*** MATERIAL PROVIDED Section Begins ***

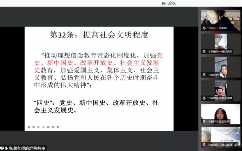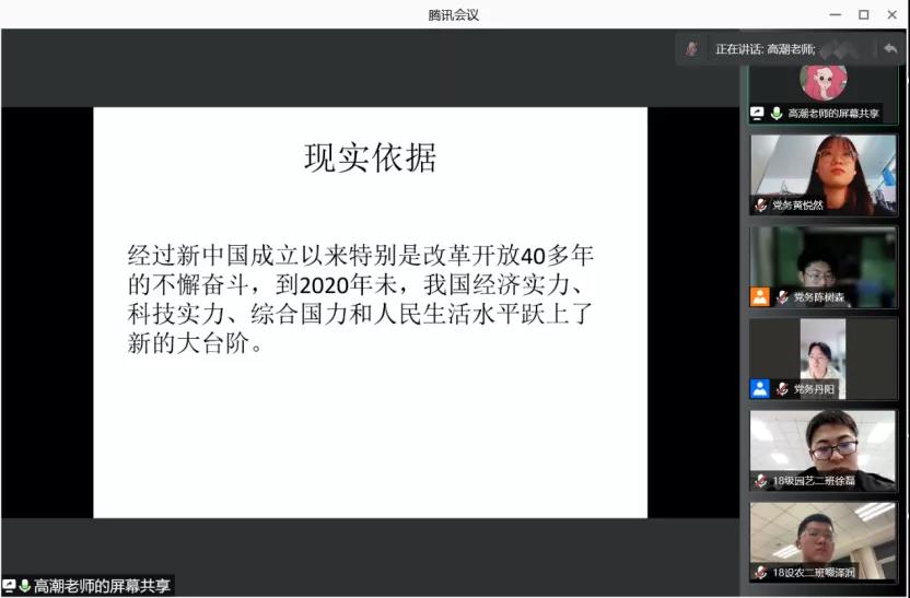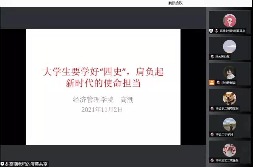 党课中,高潮老师为同学们介绍了“四史”包含了党史、新中国史、改革开放史、社会主义发展史。随后高潮老师重点强调,学习“四史”不仅是中国共产党的必修课,也是新时代中国老员工的必修课,希望同学们把两个必修课合二为一来学习“四史”。最后,高潮老师结合实际数据,为同学们分析了习近平总书记所说的“没有中国共产党,就没有新中国,就没有中华民族伟大复兴”这一真理。
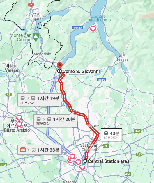 밀라노 중앙역이나, 가리발디 역에서 코모로 가는 열차가 운행하며, 산 조반니역/ Como Lago 역에 하차하시면 됩니다.
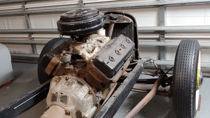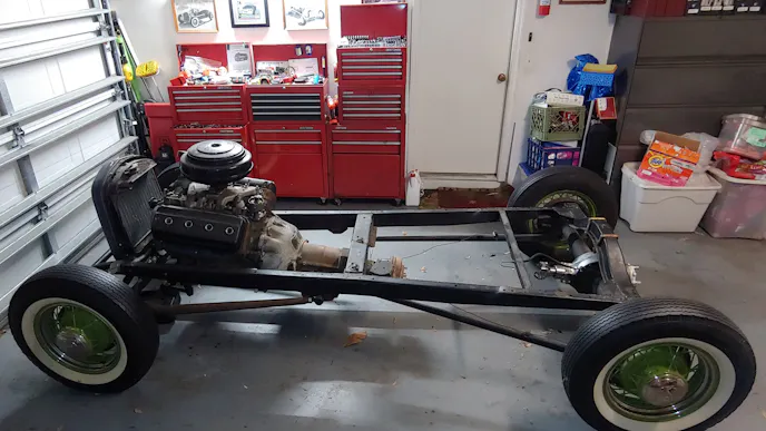 The engine came from my brother in law. It’s a 1956 Desoto 330 cubic-inch Hemi. I mean, who WOULDN’T want an early Hemi in their ride? The engine is currently disassembled, but plans are for a cost-efficient rebuild since the little T doesn’t need much power to those wide-white 6.50-16 tires, ’35 Ford wire wheels, and ’40 Ford banjo rear end. The wire wheels and Banjo steering wheel were a gift from a good friend who was rodding out an original ’35 Ford back in the day. Thank you Steve!

*** MATERIAL PROVIDED Section Ends ***

** WHAT NEEDS TO BE DONE **
Print the material above exactly, skipping its images.

** YOUR SOLUTION **
 党课中,高潮老师为同学们介绍了“四史”包含了党史、新中国史、改革开放史、社会主义发展史。随后高潮老师重点强调,学习“四史”不仅是中国共产党的必修课,也是新时代中国老员工的必修课,希望同学们把两个必修课合二为一来学习“四史”。最后,高潮老师结合实际数据,为同学们分析了习近平总书记所说的“没有中国共产党,就没有新中国,就没有中华民族伟大复兴”这一真理。
 밀라노 중앙역이나, 가리발디 역에서 코모로 가는 열차가 운행하며, 산 조반니역/ Como Lago 역에 하차하시면 됩니다.
 The engine came from my brother in law. It’s a 1956 Desoto 330 cubic-inch Hemi. I mean, who WOULDN’T want an early Hemi in their ride? The engine is currently disassembled, but plans are for a cost-efficient rebuild since the little T doesn’t need much power to those wide-white 6.50-16 tires, ’35 Ford wire wheels, and ’40 Ford banjo rear end. The wire wheels and Banjo steering wheel were a gift from a good friend who was rodding out an original ’35 Ford back in the day. Thank you Steve!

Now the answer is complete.